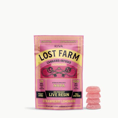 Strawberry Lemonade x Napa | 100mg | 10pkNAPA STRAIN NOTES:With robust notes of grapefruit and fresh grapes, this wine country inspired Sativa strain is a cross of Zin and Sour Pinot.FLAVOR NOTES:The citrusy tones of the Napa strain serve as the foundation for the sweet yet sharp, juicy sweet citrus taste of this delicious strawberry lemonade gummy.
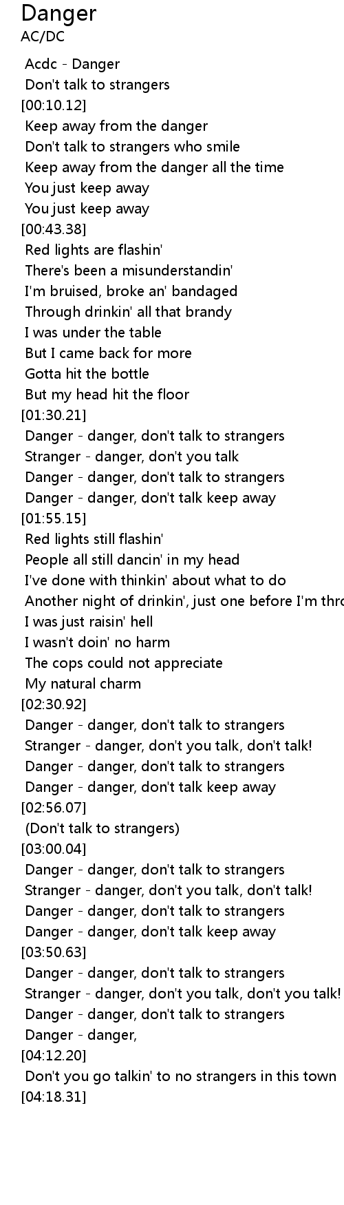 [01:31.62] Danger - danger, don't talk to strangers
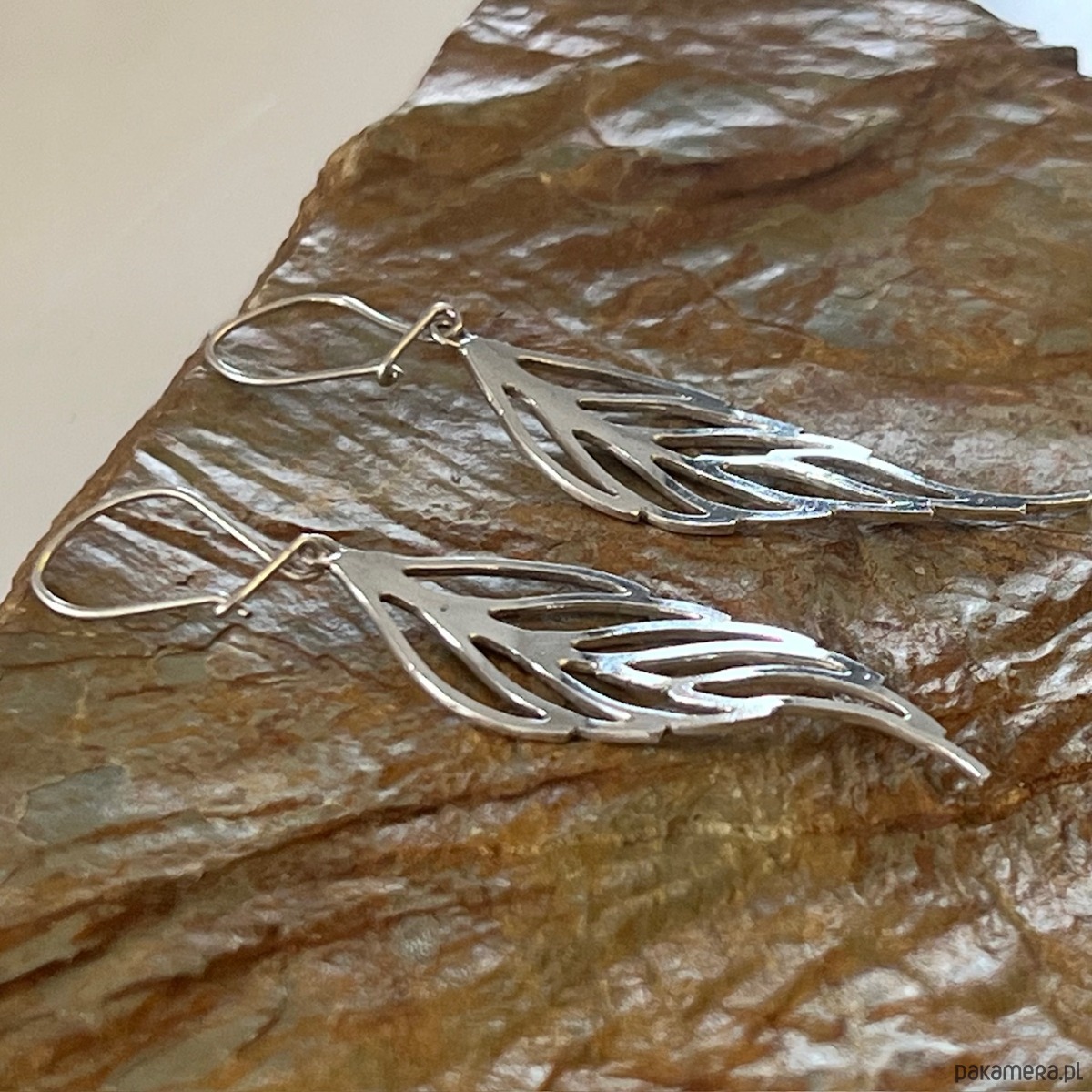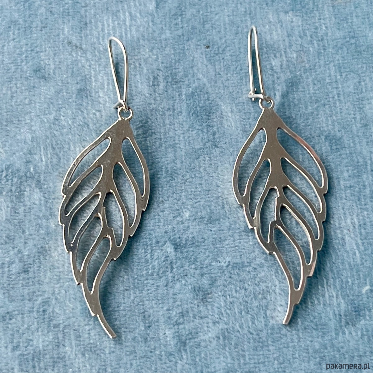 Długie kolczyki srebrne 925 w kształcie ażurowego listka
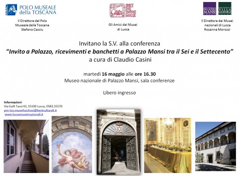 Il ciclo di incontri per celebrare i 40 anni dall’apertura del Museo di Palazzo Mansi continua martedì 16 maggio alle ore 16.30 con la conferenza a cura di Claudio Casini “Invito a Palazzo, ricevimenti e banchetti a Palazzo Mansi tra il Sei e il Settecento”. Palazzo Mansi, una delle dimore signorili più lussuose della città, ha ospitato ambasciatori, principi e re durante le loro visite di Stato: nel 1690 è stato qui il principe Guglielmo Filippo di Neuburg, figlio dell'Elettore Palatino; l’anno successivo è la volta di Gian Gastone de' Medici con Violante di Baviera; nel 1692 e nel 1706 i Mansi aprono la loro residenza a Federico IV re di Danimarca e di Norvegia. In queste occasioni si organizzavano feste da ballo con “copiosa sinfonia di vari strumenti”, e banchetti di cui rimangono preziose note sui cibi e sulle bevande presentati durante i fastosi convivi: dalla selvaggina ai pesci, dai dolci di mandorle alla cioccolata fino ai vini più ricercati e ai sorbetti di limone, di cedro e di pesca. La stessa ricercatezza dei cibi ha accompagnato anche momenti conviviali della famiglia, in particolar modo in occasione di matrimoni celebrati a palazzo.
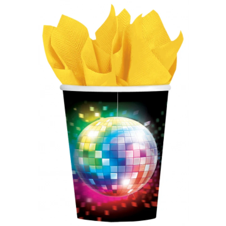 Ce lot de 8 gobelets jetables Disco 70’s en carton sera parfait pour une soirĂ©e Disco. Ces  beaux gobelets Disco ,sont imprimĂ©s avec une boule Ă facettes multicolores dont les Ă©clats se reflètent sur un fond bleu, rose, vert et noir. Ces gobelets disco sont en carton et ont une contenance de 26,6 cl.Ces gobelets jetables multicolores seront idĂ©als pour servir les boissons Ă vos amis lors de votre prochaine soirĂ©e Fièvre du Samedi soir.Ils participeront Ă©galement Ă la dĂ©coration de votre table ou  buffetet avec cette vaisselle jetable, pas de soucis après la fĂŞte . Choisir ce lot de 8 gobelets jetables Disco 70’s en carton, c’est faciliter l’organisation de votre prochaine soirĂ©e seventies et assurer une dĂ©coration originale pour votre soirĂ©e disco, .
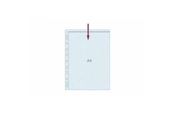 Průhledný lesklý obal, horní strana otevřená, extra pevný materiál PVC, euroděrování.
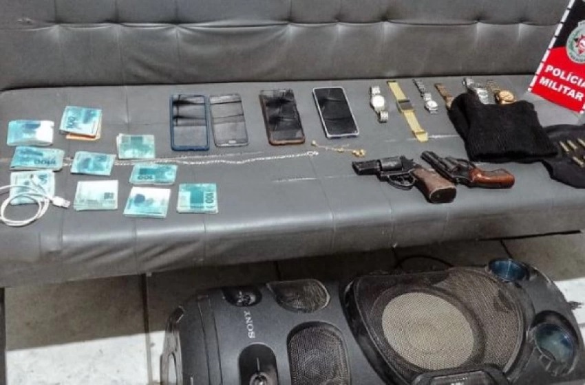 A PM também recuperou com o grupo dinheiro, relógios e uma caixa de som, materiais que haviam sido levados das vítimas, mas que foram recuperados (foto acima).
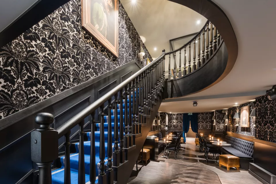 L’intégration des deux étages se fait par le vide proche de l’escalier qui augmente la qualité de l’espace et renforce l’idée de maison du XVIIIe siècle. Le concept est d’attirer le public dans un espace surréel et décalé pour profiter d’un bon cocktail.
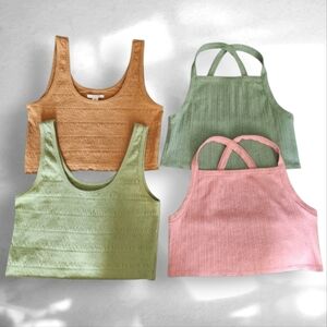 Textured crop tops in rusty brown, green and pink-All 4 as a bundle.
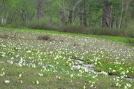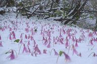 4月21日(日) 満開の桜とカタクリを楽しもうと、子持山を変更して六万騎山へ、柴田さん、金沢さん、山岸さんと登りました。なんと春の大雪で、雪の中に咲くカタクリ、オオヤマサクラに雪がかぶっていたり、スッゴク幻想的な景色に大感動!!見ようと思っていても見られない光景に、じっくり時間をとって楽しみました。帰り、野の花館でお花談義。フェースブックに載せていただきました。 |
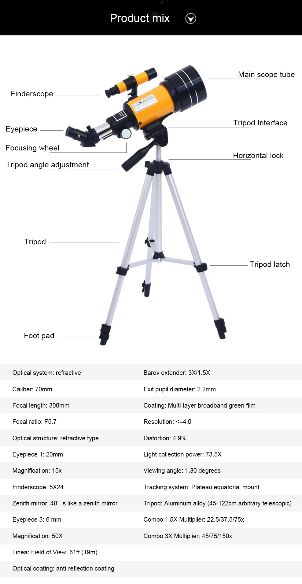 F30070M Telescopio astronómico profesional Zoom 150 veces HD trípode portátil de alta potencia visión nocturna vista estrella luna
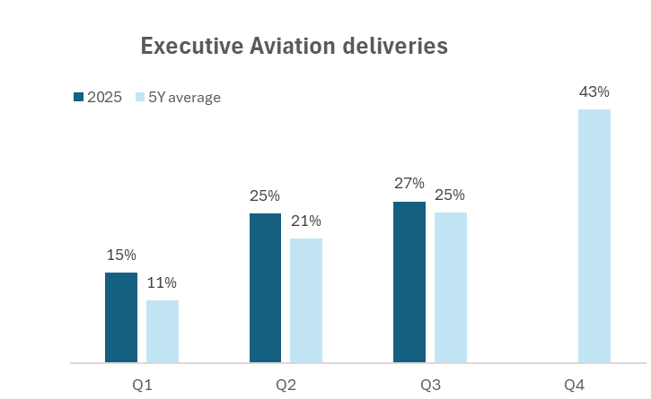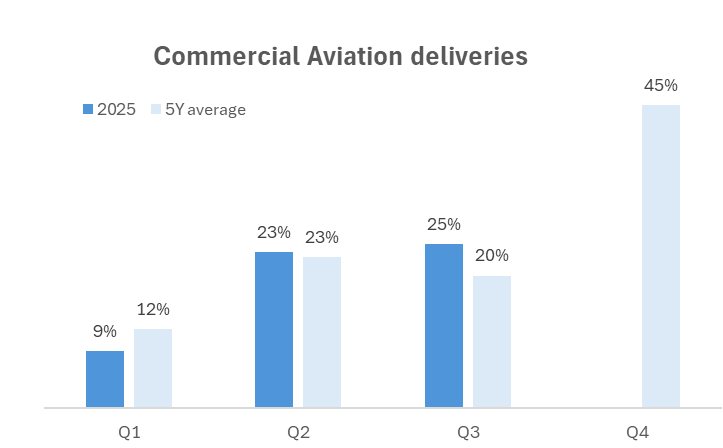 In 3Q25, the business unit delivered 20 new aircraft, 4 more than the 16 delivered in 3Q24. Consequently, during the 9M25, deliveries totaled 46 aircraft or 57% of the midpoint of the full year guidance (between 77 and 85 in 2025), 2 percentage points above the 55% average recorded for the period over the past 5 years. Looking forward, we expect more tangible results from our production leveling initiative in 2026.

...

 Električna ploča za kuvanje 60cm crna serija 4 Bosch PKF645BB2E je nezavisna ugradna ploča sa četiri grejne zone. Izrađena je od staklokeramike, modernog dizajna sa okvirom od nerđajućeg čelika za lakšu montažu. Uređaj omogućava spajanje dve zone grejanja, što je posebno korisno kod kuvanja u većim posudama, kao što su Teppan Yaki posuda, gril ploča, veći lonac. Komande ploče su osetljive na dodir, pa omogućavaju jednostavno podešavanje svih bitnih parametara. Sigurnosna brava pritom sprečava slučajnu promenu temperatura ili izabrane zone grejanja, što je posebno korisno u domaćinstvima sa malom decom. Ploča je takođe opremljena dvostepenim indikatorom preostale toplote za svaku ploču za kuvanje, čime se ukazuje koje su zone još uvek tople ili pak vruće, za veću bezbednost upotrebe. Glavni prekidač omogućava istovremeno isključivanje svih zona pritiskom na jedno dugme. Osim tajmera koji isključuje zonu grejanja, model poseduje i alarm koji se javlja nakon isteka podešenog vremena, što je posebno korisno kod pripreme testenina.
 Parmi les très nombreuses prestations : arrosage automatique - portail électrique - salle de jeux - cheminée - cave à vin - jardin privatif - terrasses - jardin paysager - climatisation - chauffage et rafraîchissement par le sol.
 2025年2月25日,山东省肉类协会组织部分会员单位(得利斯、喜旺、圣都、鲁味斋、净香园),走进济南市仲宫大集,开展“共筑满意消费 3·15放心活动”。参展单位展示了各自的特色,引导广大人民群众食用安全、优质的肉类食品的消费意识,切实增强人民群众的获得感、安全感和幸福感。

> Your task
Give the lines above again exactly, from the one containing "Strawberry Lemonade x" to the one containing "[01:31.62] Danger - danger, don't", both included, but leave out the pictures.

> Written solution
 Strawberry Lemonade x Napa | 100mg | 10pkNAPA STRAIN NOTES:With robust notes of grapefruit and fresh grapes, this wine country inspired Sativa strain is a cross of Zin and Sour Pinot.FLAVOR NOTES:The citrusy tones of the Napa strain serve as the foundation for the sweet yet sharp, juicy sweet citrus taste of this delicious strawberry lemonade gummy.
 [01:31.62] Danger - danger, don't talk to strangers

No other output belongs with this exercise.